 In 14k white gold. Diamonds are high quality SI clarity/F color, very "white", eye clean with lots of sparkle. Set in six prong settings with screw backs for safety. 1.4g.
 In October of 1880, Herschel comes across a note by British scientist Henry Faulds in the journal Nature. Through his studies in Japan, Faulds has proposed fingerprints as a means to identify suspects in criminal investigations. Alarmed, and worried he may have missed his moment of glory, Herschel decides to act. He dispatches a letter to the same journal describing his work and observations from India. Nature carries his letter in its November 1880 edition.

--

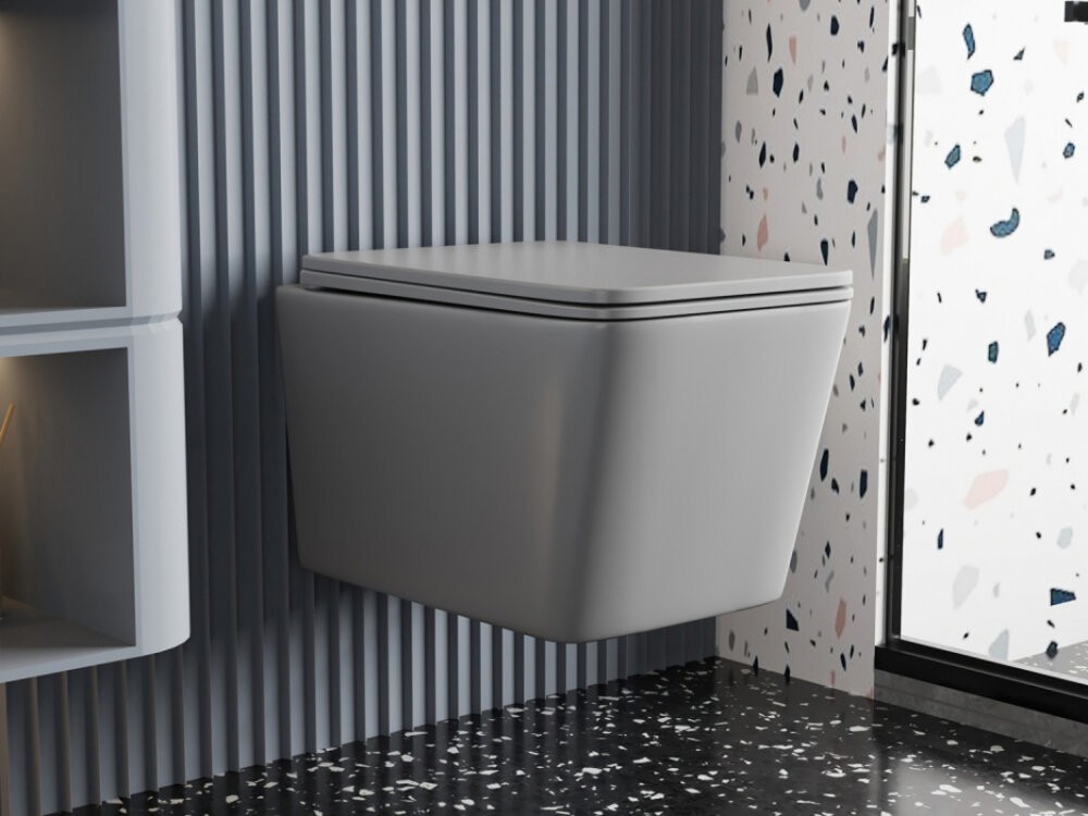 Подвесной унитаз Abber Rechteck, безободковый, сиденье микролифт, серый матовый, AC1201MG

_TASK OBJECTIVE:_ Look back at the data above. Transcribe exactly the lines starting at the line that contains "In 14k white" and ending at the line that contains "In October of".

_YOUR SOLUTION:_
 In 14k white gold. Diamonds are high quality SI clarity/F color, very "white", eye clean with lots of sparkle. Set in six prong settings with screw backs for safety. 1.4g.
 In October of 1880, Herschel comes across a note by British scientist Henry Faulds in the journal Nature. Through his studies in Japan, Faulds has proposed fingerprints as a means to identify suspects in criminal investigations. Alarmed, and worried he may have missed his moment of glory, Herschel decides to act. He dispatches a letter to the same journal describing his work and observations from India. Nature carries his letter in its November 1880 edition.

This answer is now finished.